Chris Young singles chronology
| "Who I Am with You" (2014) | "Lonely Eyes" (2014) | "I'm Comin' Over" (2015) |

= Lonely Eyes (Chris Young song) =

"Lonely Eyes" is a song written by Johnny Bulford, Jason Matthews and Laura Veltz and recorded by American country music artist Chris Young. It was released in August 2014 as the third single from Young’s 2013 album A.M.

==Content==
This moderate-uptempo tune is about a guy who spots a beautiful girl in a bar and tries to get her attention.

==Critical reception==
Taste of Country reviewed the single favorably, saying that "He has a brand. More than one song from Young's catalog captures the thoughts and feelings of a man sitting on a bar stool, or a man sending a message to a beautiful woman he hopes will respond in the affirmative. 'Lonely Eyes' does both. Each line of the chorus is little more than three or four words strung together, but this hook ties together two very arresting verses." In 2017, Billboard contributor Chuck Dauphin put "Lonely Eyes" at number four on his top 10 list of Young's best songs.

==Music video==
The music video was directed by Adam Rothlein and premiered in December 2014.

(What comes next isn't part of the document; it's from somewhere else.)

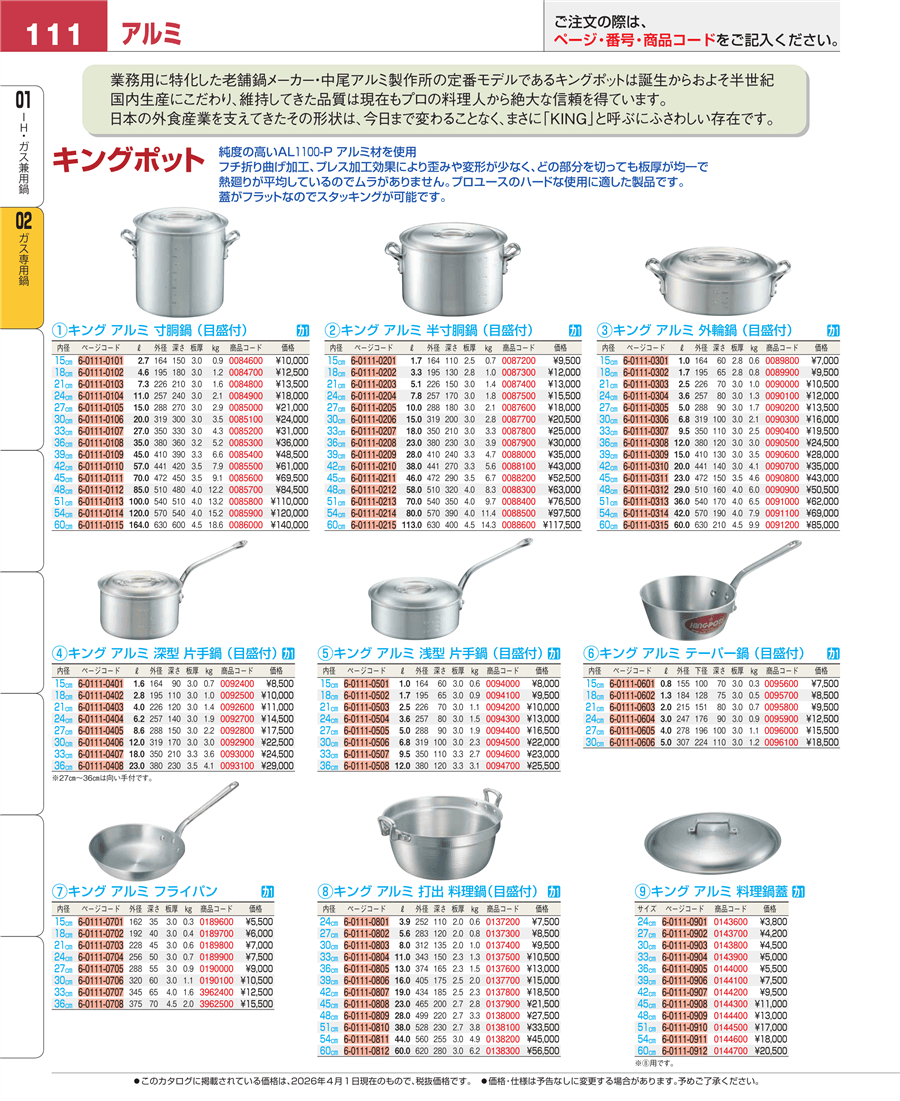 | e26-0087210 | キング アルミ 半寸胴鍋(目盛付)15㎝ 蓋無 | 上代 7,700円(税抜) 見積 | ||

==Commercial performance==
It entered the Country Airplay chart on August 30, 2014; it debuted on the Billboard Hot 100 at No. 95 on January 3, 2015 and reached No. 70 on February 14, 2015. The song was certified Gold on April 17, 2015 by the RIAA. It had sold 470,000 copies in the US as of April 2015.

==Charts==

| Chart (2014–2015) | Peak position |
|---|---|
| Canada Hot 100 (Billboard) | 65 |
| Canada Country (Billboard) | 5 |
| US Billboard Hot 100 | 50 |
| US Country Airplay (Billboard) | 2 |
| US Hot Country Songs (Billboard) | 4 |

===Year-end charts===

| Chart (2015) | Position |
|---|---|
| US Country Airplay (Billboard) | 11 |
| US Hot Country Songs (Billboard) | 39 |

===Certifications===

| Region | Certification | Certified units/sales |
| Canada (Music Canada) | Gold | 40,000^{‡} |
| United States (RIAA) | Platinum | 994,000 |
^{‡} Sales+streaming figures based on certification alone.